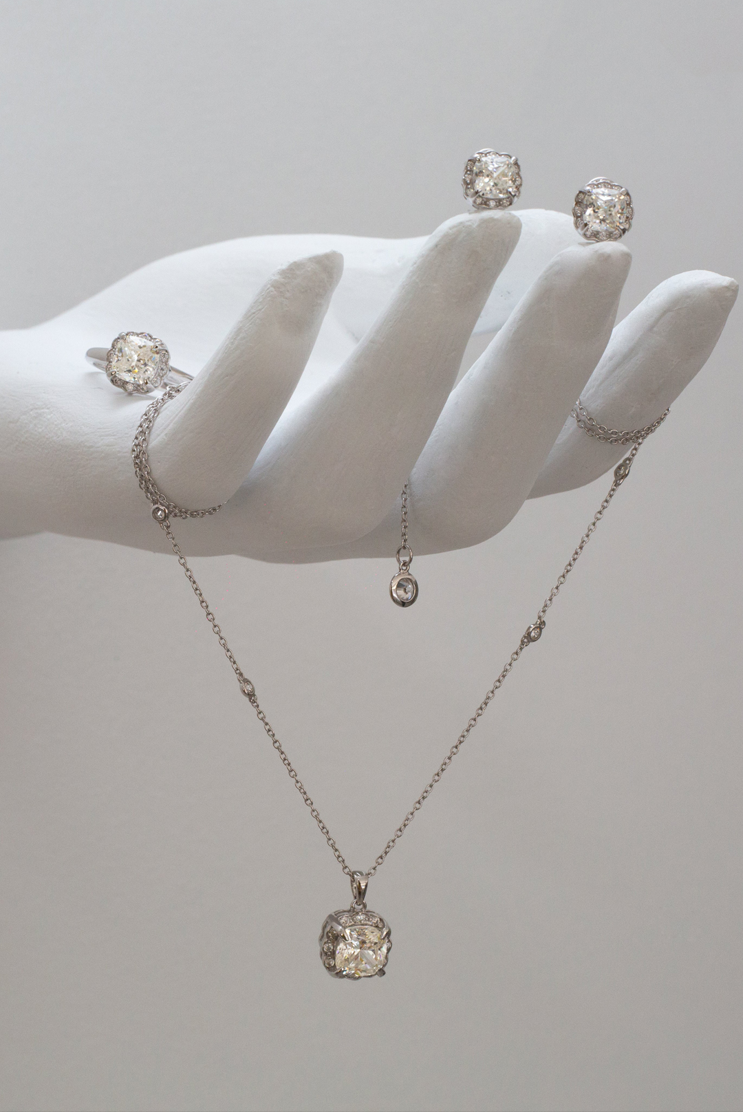 Square άχρωμος μοϊσανίτης διακοσμημένος σε pave σχέδιο με μικρότερους μοϊσανιτες στα πλαϊνά δεμένο σε σκελετό από ασήμι 925. GM: 9,97 Καράτια Βάρος: 4.00
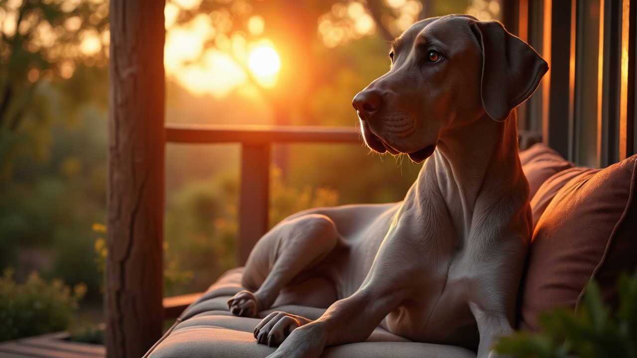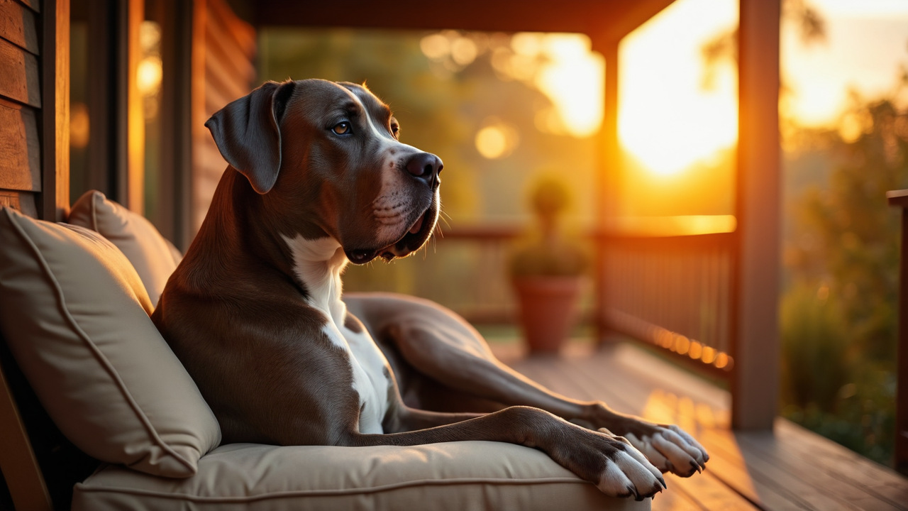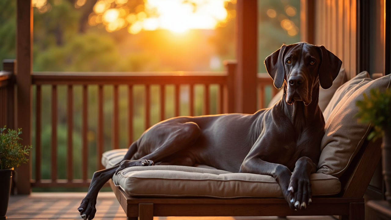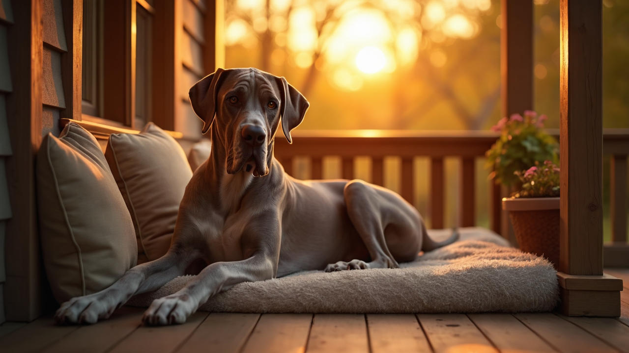 cozy tranquil late afternoon dog doggy dogs puppy lounging golden glow Great Dane cozy porch cushioned seat
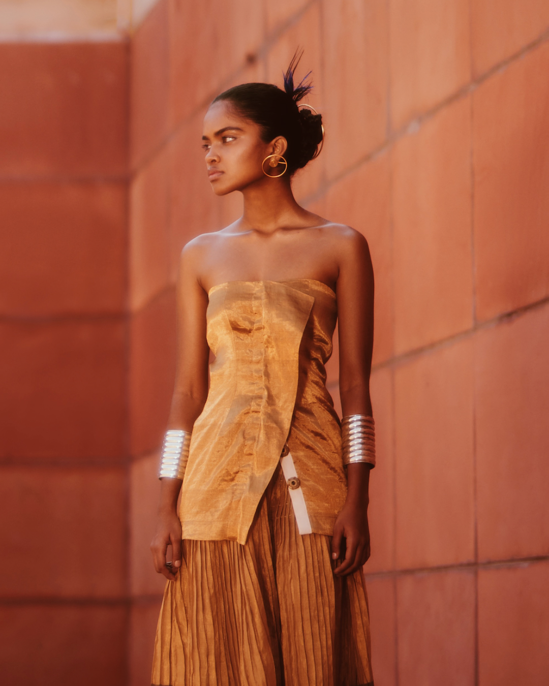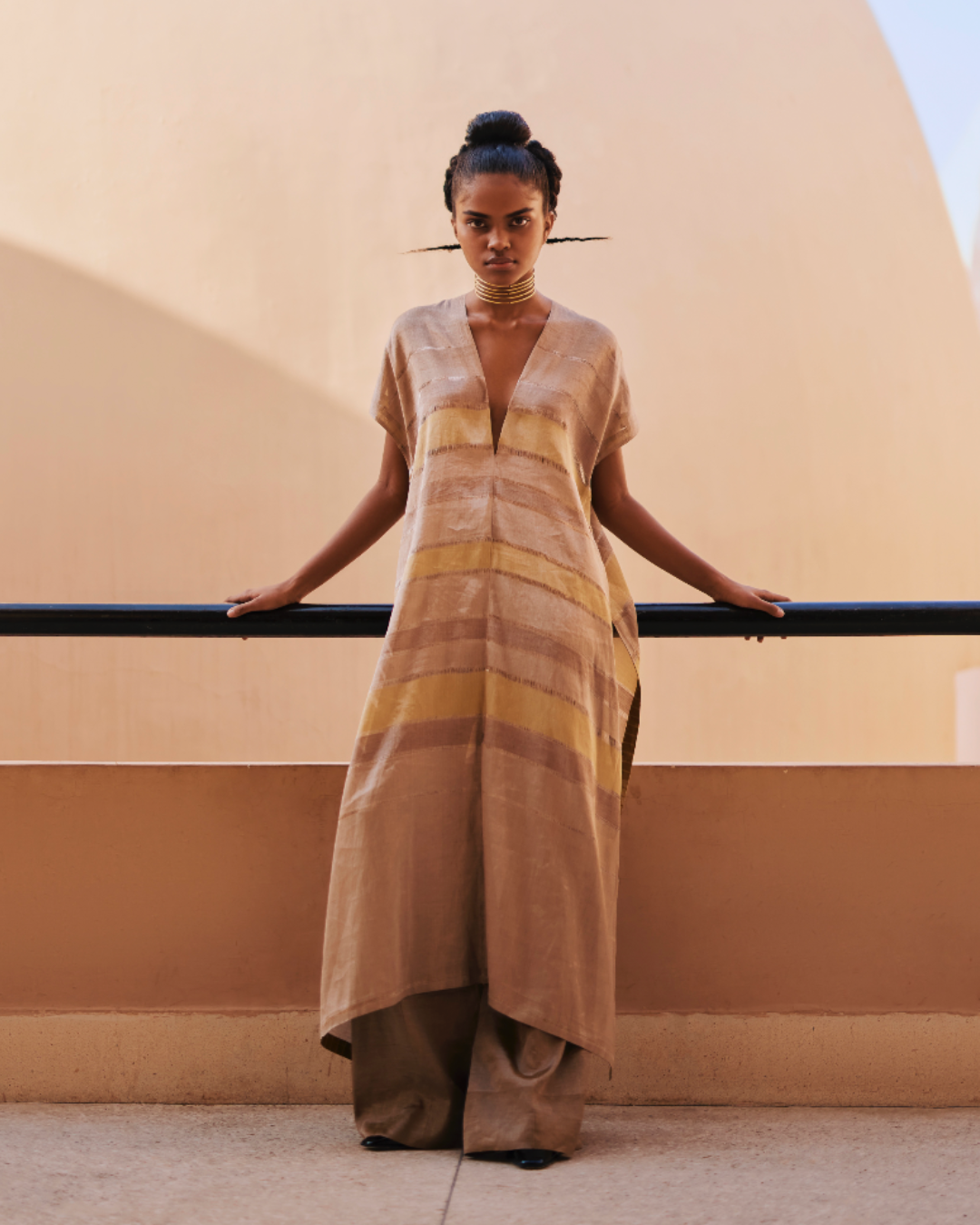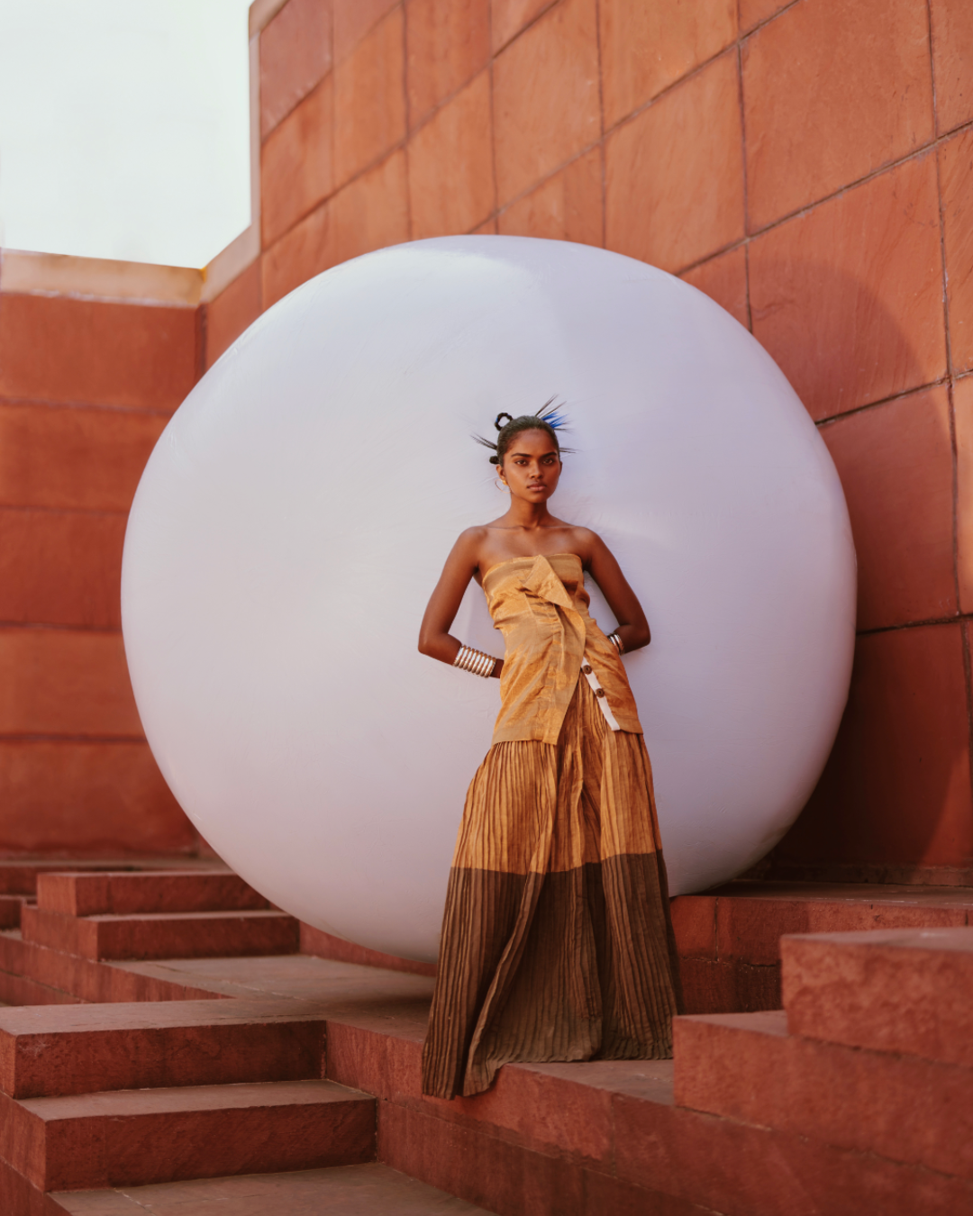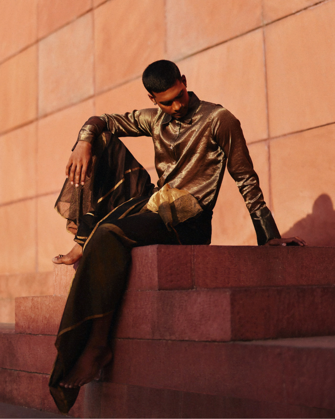 Held in every breath, Prāna is the primordial energy that connects all life; both macrocosmic and microcosmic. In this collection, ancestral heirlooms are reimagined as contemporary silhouettes, breathing new vitality into brocades, silks, and handwoven textiles. Intuitive and elemental, Prāna draws from the consciousness of the Vedas and the restorative wisdom of indigenous craft, where movement, texture, and colour become quiet meditations on presence.

Task to carry out - The required answer is an exact copy of the lines from the one containing "cozy tranquil late" through the last line of the material, with the pictures removed.

Written solution -
 cozy tranquil late afternoon dog doggy dogs puppy lounging golden glow Great Dane cozy porch cushioned seat
 Held in every breath, Prāna is the primordial energy that connects all life; both macrocosmic and microcosmic. In this collection, ancestral heirlooms are reimagined as contemporary silhouettes, breathing new vitality into brocades, silks, and handwoven textiles. Intuitive and elemental, Prāna draws from the consciousness of the Vedas and the restorative wisdom of indigenous craft, where movement, texture, and colour become quiet meditations on presence.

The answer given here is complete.